Start of EXERCISE MATERIAL

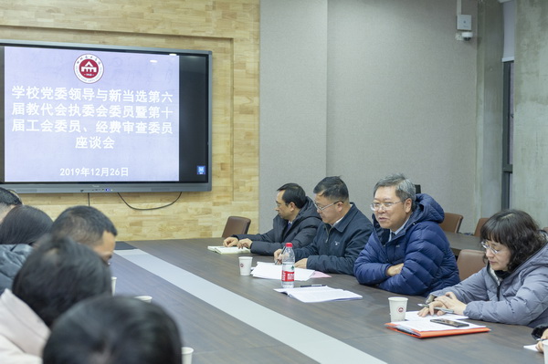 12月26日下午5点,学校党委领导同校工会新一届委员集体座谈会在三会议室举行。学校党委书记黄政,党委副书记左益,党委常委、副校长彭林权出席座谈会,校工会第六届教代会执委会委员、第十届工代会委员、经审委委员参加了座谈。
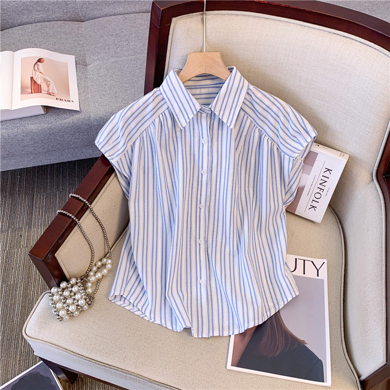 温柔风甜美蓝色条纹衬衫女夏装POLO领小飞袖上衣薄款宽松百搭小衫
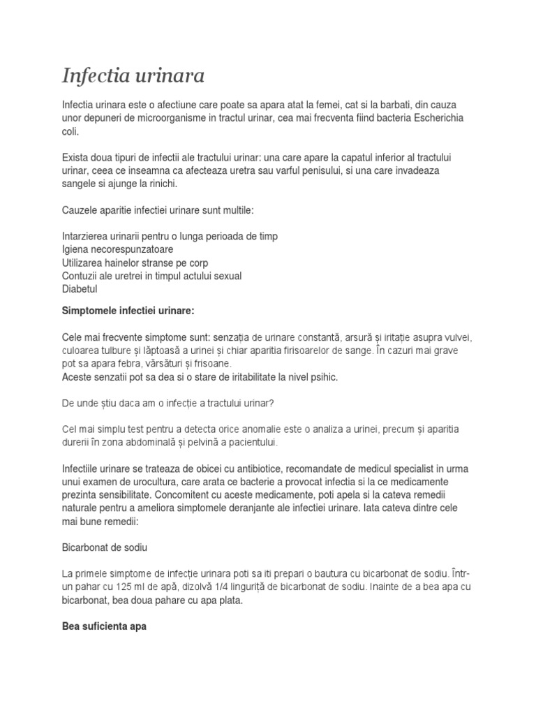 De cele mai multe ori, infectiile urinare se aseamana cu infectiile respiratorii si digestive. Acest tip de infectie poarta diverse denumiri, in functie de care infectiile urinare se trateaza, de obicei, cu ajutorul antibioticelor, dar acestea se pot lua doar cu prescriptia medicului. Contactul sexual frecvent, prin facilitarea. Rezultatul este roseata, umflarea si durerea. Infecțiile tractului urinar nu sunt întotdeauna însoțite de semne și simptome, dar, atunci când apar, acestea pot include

End of EXERCISE MATERIAL
Start of EXERCISE MATERIAL

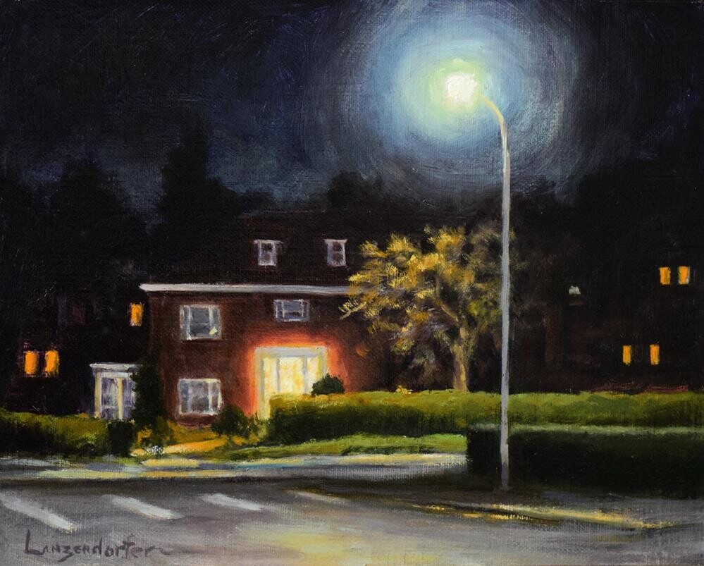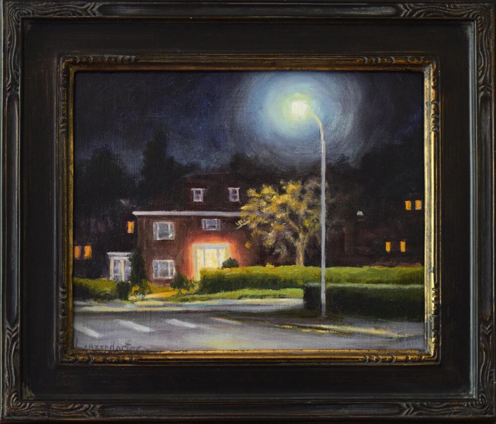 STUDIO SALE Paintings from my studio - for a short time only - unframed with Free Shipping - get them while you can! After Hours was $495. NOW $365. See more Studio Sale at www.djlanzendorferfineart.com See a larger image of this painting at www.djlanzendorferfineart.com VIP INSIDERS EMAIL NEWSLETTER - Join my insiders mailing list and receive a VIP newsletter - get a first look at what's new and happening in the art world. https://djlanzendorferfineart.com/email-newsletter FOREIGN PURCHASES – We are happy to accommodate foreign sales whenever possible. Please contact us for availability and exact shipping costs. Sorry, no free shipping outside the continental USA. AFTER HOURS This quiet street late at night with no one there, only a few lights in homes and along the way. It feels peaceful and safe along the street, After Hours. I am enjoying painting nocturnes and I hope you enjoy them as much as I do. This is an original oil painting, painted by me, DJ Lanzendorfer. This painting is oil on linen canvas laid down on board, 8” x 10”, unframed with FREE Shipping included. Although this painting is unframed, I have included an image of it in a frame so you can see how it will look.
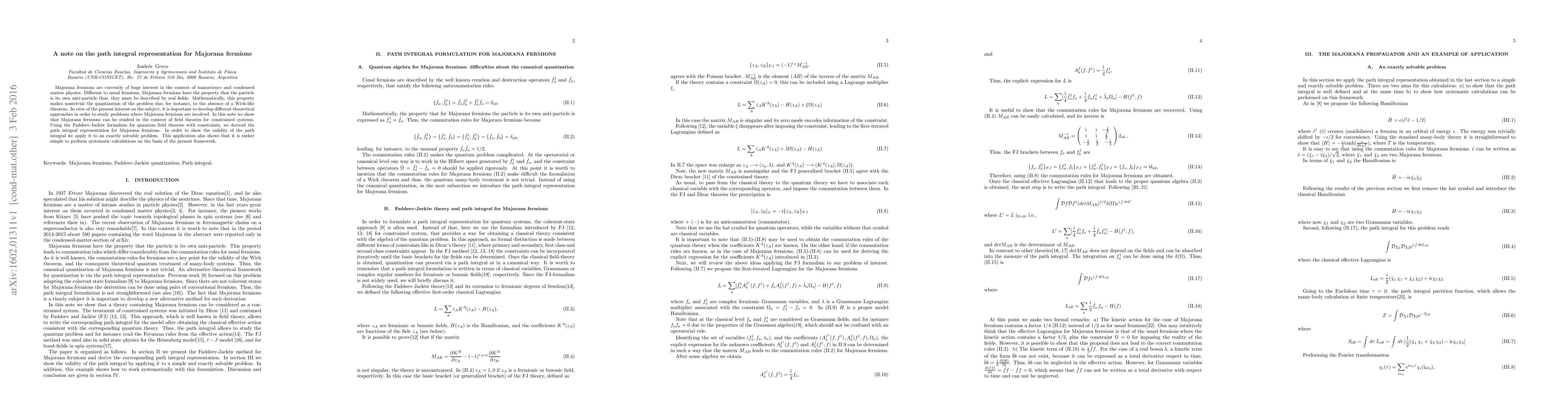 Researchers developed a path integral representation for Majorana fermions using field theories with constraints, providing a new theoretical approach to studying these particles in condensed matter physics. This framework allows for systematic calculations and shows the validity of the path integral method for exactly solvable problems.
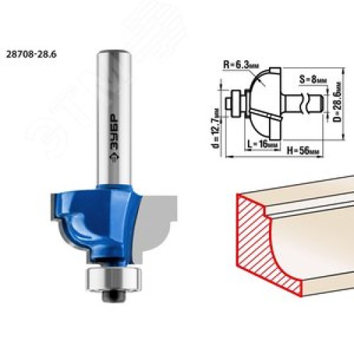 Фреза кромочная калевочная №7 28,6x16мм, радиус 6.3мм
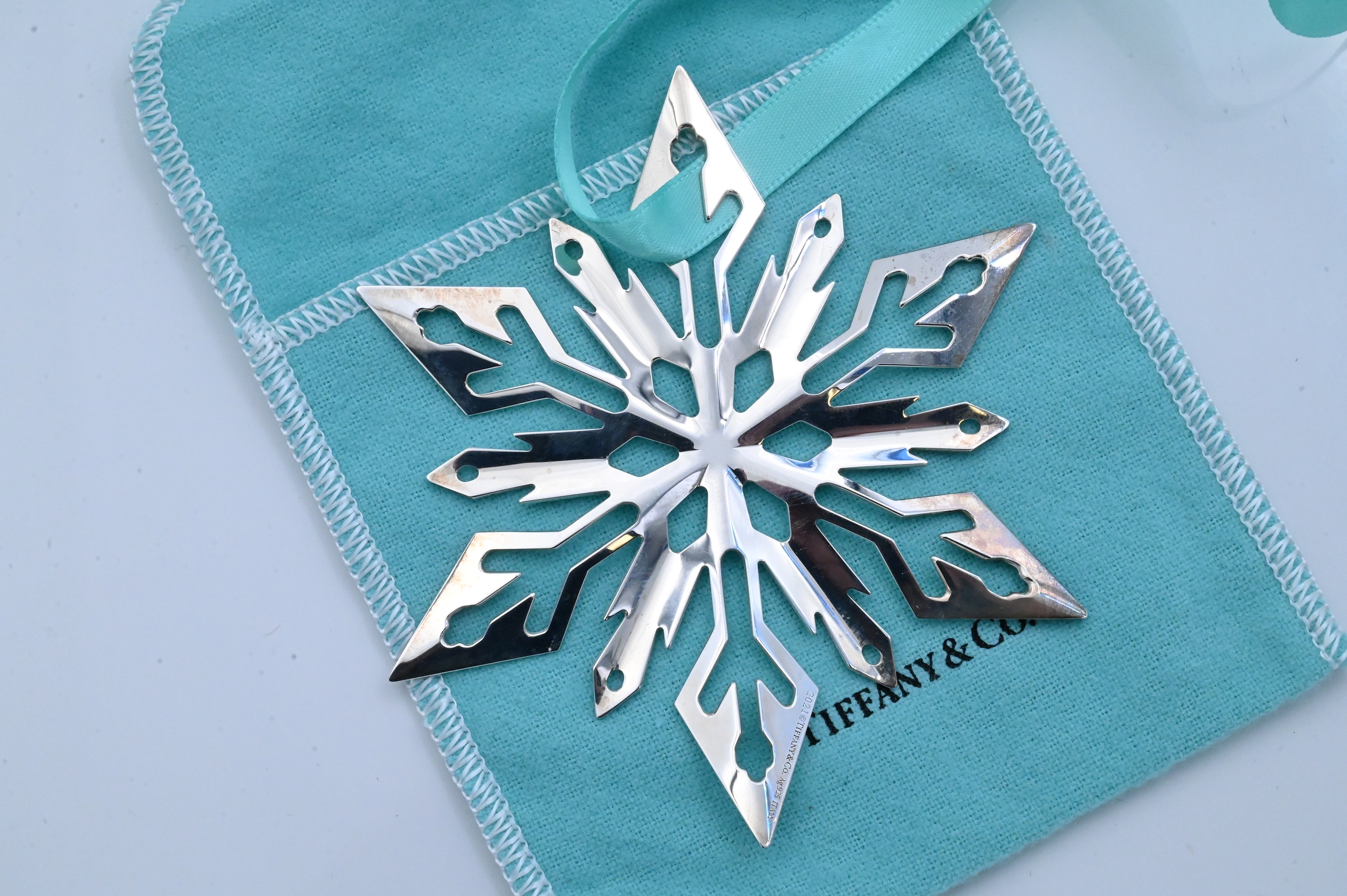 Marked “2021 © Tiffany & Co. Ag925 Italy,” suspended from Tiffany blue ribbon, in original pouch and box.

End of EXERCISE MATERIAL
Start of EXERCISE MATERIAL

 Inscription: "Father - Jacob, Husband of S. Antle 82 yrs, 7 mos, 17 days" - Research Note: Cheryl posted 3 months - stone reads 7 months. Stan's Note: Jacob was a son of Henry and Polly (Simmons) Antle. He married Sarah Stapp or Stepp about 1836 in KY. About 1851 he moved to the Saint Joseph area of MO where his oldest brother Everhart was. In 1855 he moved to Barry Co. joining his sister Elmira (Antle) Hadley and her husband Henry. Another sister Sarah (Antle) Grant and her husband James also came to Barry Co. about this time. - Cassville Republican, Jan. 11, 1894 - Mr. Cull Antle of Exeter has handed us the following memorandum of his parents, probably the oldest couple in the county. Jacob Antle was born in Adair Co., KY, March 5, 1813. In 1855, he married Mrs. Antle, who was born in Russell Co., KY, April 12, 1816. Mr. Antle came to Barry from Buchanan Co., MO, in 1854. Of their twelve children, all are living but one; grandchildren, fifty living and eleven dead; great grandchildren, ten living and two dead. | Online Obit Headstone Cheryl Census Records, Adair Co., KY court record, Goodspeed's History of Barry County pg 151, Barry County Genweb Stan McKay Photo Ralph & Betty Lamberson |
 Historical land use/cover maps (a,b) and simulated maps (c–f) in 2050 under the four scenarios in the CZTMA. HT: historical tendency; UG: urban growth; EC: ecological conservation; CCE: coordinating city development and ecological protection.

End of EXERCISE MATERIAL

= YOUR TASK =
To complete this exercise, transcribe exactly the lines above from the one that holds "温柔风甜美蓝色条纹衬衫女夏装POLO领小飞袖上衣薄款宽松百搭小衫" through the one that holds "De cele mai". Pictures stay out.

= WRITTEN SOLUTION =
 温柔风甜美蓝色条纹衬衫女夏装POLO领小飞袖上衣薄款宽松百搭小衫
 De cele mai multe ori, infectiile urinare se aseamana cu infectiile respiratorii si digestive. Acest tip de infectie poarta diverse denumiri, in functie de care infectiile urinare se trateaza, de obicei, cu ajutorul antibioticelor, dar acestea se pot lua doar cu prescriptia medicului. Contactul sexual frecvent, prin facilitarea. Rezultatul este roseata, umflarea si durerea. Infecțiile tractului urinar nu sunt întotdeauna însoțite de semne și simptome, dar, atunci când apar, acestea pot include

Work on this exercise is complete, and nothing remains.